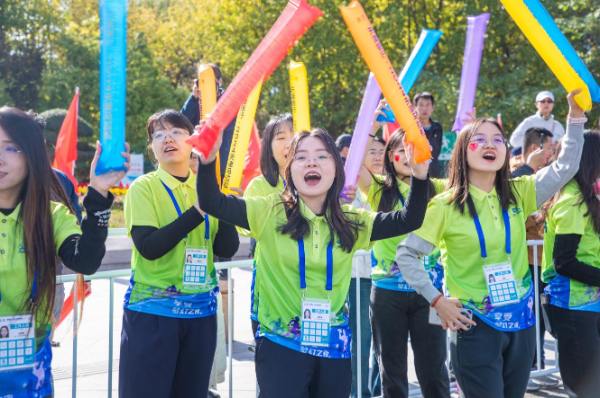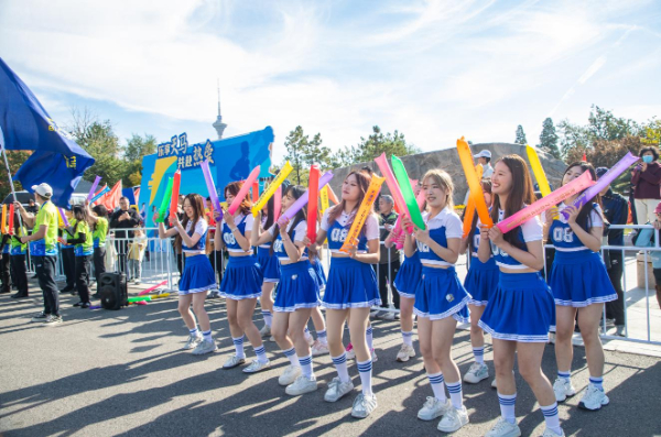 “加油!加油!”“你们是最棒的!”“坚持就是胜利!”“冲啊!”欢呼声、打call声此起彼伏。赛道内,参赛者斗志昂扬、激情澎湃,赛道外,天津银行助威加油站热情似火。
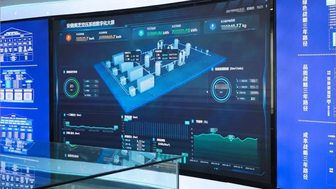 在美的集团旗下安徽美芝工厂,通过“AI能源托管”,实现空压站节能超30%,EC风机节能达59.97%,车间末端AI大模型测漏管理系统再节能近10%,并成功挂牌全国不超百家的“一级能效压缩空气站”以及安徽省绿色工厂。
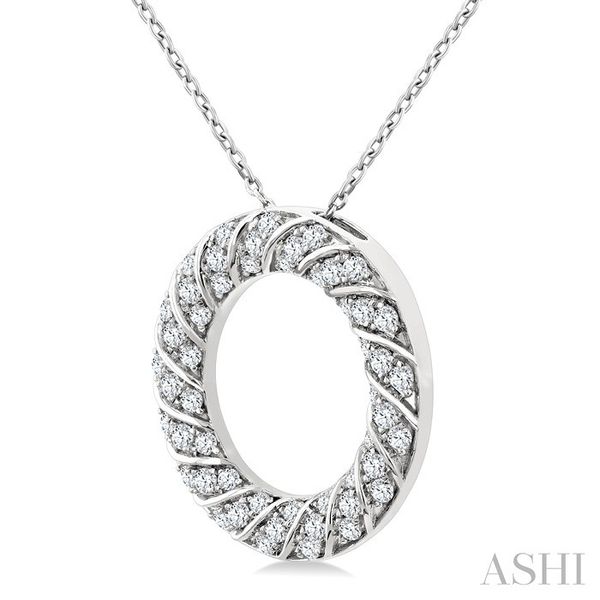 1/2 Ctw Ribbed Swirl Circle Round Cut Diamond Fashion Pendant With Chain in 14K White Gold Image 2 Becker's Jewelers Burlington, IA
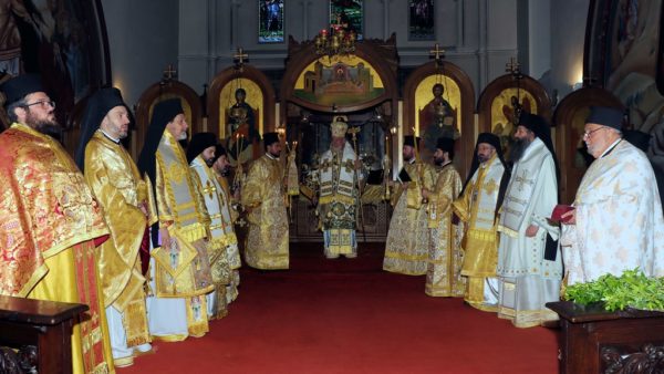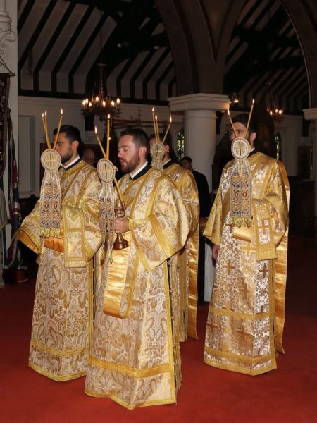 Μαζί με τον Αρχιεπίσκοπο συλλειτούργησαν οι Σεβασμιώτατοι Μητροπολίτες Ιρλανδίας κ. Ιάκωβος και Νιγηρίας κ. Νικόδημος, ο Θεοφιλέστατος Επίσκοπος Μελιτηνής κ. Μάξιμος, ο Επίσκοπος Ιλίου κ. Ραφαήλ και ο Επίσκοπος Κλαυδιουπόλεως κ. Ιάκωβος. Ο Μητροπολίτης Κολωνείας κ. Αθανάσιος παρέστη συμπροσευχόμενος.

------------------------------------------------------------------------

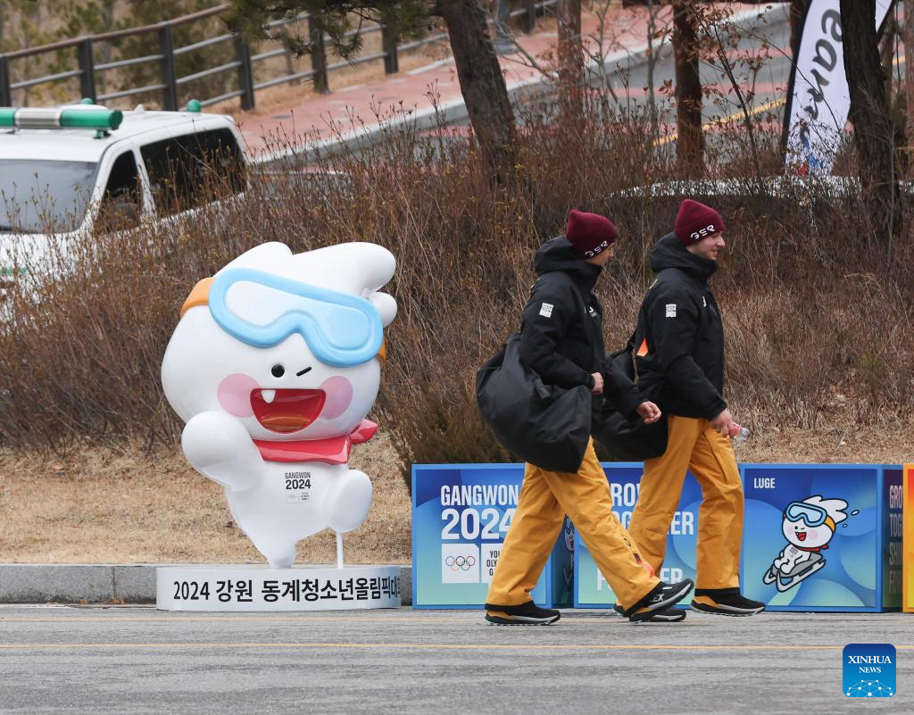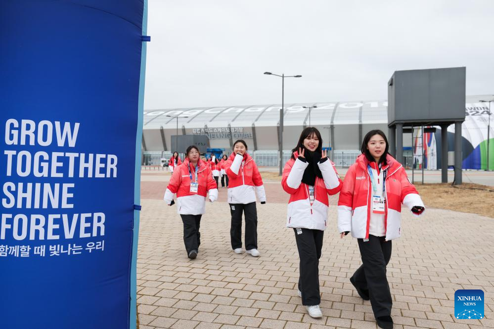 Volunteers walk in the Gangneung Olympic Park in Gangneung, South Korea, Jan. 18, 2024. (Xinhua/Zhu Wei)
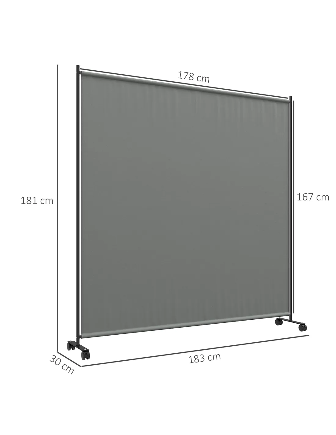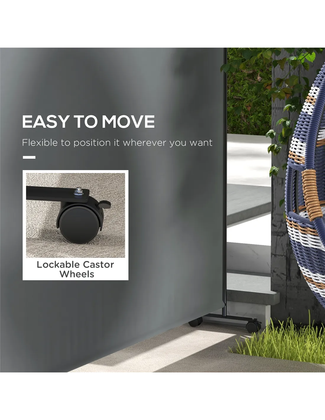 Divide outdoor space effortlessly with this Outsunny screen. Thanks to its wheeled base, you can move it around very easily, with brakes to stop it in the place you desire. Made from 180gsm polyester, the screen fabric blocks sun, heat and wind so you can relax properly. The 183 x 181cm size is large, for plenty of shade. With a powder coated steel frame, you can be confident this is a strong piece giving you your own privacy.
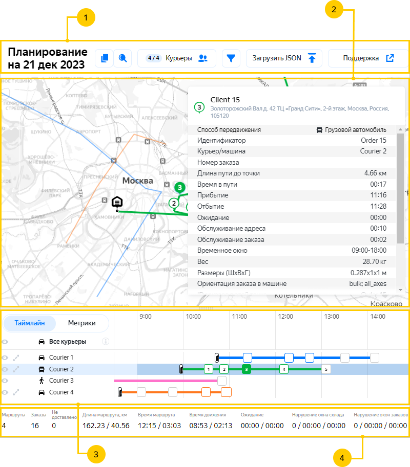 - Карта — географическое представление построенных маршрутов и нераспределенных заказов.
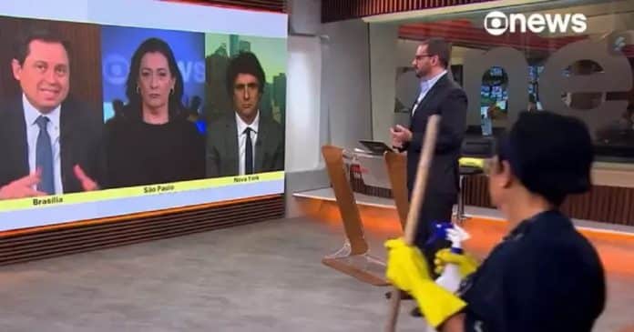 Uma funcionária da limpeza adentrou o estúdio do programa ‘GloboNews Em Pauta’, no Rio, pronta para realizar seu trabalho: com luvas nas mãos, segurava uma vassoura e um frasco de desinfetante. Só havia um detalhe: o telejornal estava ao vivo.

------------------------------------------------------------------------

Problem description: Above, find the line holding "1/2 Ctw Ribbed" and the line holding "Μαζί με τον". Print exactly those two lines and every line between them, but no pictures.

Exercise output:
 1/2 Ctw Ribbed Swirl Circle Round Cut Diamond Fashion Pendant With Chain in 14K White Gold Image 2 Becker's Jewelers Burlington, IA
 Μαζί με τον Αρχιεπίσκοπο συλλειτούργησαν οι Σεβασμιώτατοι Μητροπολίτες Ιρλανδίας κ. Ιάκωβος και Νιγηρίας κ. Νικόδημος, ο Θεοφιλέστατος Επίσκοπος Μελιτηνής κ. Μάξιμος, ο Επίσκοπος Ιλίου κ. Ραφαήλ και ο Επίσκοπος Κλαυδιουπόλεως κ. Ιάκωβος. Ο Μητροπολίτης Κολωνείας κ. Αθανάσιος παρέστη συμπροσευχόμενος.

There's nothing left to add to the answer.